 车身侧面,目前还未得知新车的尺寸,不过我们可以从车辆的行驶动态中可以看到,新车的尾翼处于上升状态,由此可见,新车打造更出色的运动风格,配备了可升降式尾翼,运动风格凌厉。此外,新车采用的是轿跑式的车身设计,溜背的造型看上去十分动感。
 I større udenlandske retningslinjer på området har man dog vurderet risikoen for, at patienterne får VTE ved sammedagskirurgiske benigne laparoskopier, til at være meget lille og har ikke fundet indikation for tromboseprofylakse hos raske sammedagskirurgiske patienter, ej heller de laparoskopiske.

==

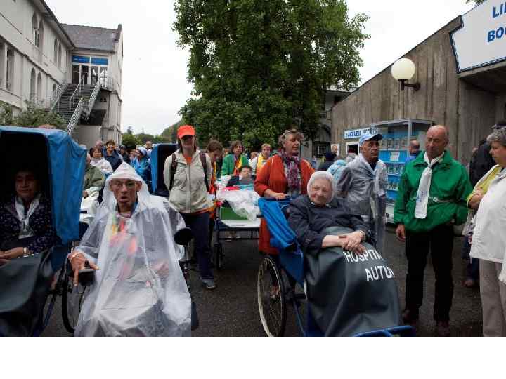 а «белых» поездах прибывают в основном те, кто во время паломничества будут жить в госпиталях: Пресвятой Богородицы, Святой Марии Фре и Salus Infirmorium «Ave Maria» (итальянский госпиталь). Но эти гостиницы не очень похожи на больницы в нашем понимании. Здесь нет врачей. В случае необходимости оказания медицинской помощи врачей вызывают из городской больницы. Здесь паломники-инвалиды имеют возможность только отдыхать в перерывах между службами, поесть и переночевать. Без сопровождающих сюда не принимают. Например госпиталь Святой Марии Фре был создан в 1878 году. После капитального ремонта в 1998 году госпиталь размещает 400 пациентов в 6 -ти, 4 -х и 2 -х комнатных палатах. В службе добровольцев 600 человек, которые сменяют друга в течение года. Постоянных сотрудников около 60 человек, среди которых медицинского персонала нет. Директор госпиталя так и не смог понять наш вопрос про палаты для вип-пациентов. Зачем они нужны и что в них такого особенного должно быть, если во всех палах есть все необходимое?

Task description
From the listing above, return the lines starting at the one with "车身侧面,目前还未得知新车的" and ending at the one with "I større udenlandske", both kept, exactly as they appear and nothing more.

Written response
 车身侧面,目前还未得知新车的尺寸,不过我们可以从车辆的行驶动态中可以看到,新车的尾翼处于上升状态,由此可见,新车打造更出色的运动风格,配备了可升降式尾翼,运动风格凌厉。此外,新车采用的是轿跑式的车身设计,溜背的造型看上去十分动感。
 I større udenlandske retningslinjer på området har man dog vurderet risikoen for, at patienterne får VTE ved sammedagskirurgiske benigne laparoskopier, til at være meget lille og har ikke fundet indikation for tromboseprofylakse hos raske sammedagskirurgiske patienter, ej heller de laparoskopiske.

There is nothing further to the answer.